# Faculty Notebook Day2

In [1]:
import numpy       as np
import pandas      as pd
import scipy.stats as stats

In [3]:
#


# Introduction to hypothesis testing

*Beware of the problem of testing too many hypotheses; the more you torture the data, the more likely they are to confess, but confessions obtained under duress may not be admissible in the court of scientific opinion* - Stephen M Stigler

* Hypothesis is a claim made by a person / organization.

* The claim is usually about the population parameters such as mean or proportion and we seek evidence from a sample for the support of the claim (Example: average salary of Data Scientist with 1 year experience is Rs 5 Lakhs per annum).

* Hypothesis testing is a process used for either rejecting or retaining null hypothesis.
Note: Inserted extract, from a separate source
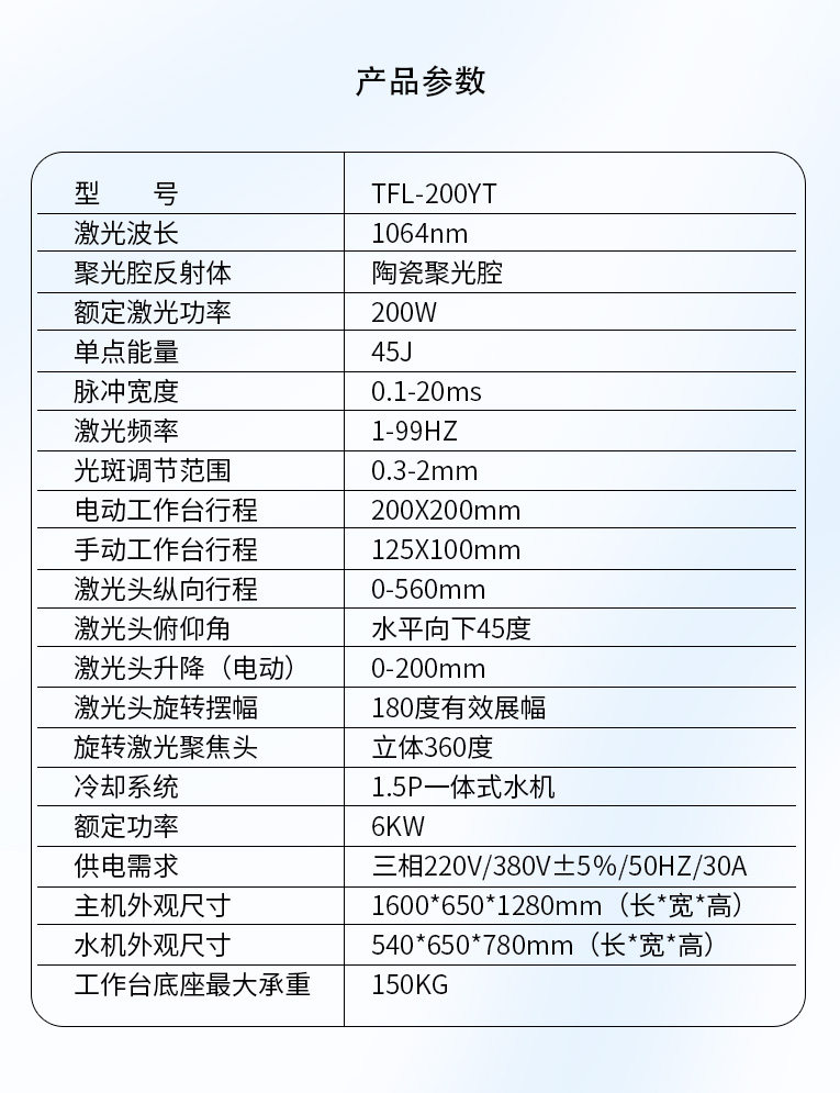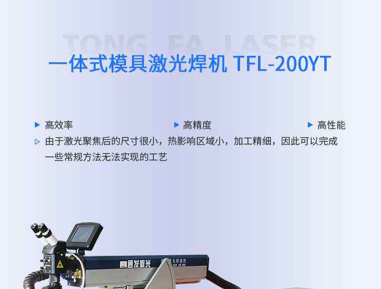通發(fā)激光一體式模具激光焊機(jī)TFL-200YT/TFL-400YT是一款多種功能融合一體的新型模具激光焊接機(jī),針對特大型塑料模具激光焊、中型注塑模具激光燒焊、小型塑膠模具激光補(bǔ)焊、壓鑄模激光補(bǔ)焊具等各類模具可實(shí)現(xiàn)超精密修復(fù),幫您解決大型汽車模具修復(fù)難題,不需要模具移動,電動工作臺與立體旋轉(zhuǎn)激光頭完美結(jié)合,操作桿控制運(yùn)動移動實(shí)現(xiàn)輕松激光修復(fù)大型模具,同時也保留了傳統(tǒng)手動工作臺超精密修復(fù)模具功能。

** Examples of some claims:**
*  If you drink Horlicks, you can grow taller, stronger and sharper.
*  Two - minute for cooking noodles. (or eating !!)
*  Married people are happier than singles (Anon - 2015).
*  Smokers are better sales people.

*Hypothesis testing is used for checking the validity of the claim using evidence found in sample data.*

### Type I Error, Type II error and power of the hypothesis test

### Type I error:

* It is the conditional probability of rejecting a null hypothesis when it is true, is called **Type I error or False positive.**
* $\alpha$, the level of significance is the value of Type I error.
* P(Reject null hypothesis | $H_0$ is true) = $\alpha$

### Type II error:

* It is the conditional probability of retaining a null hypothesis when it is true, is called **Type II error or False Negative.**
* $\beta$, is the value of Type II error.
* P(Retain null hypothesis | $H_0$ is false) = $\beta$

### Power of the test

* (1 - $\beta$) is known as the **power of the test**.
* It is P(Reject null hypothesis | $H_0$ is false) = 1- $\beta$

## Steps involved in solving the hypothesis testing

### 1 Define null and alternative hypotheses

* ### Null hypothesis means no relationship or status quo
* ### Alternative hypothesis is what the researcher wants to prove

### Example:

Write the null and alternative hypothesis from the following hypopthesis description:
a. Average annual salary of Data Scientists is different for those having Ph.D in Statistics and those who do not.
* Let $\mu_{PhD}$ be the average annual salary of a Data scientist with Ph.D in Statistics.
* Let $\mu_{NoPhD}$ be the average annual salary of a Data scientist without Ph.D in Statistics.

* Null hypothesis:        $H_0$: $\mu_{PhD}$ =    $\mu_{NoPhD}$ 
* Alternative hypothesis: $H_A$: $\mu_{PhD}$ $\neq$ $\mu_{NoPhD}$ 

Since the rejection region is on either side of the distribution, it will be a **two-tailed** test.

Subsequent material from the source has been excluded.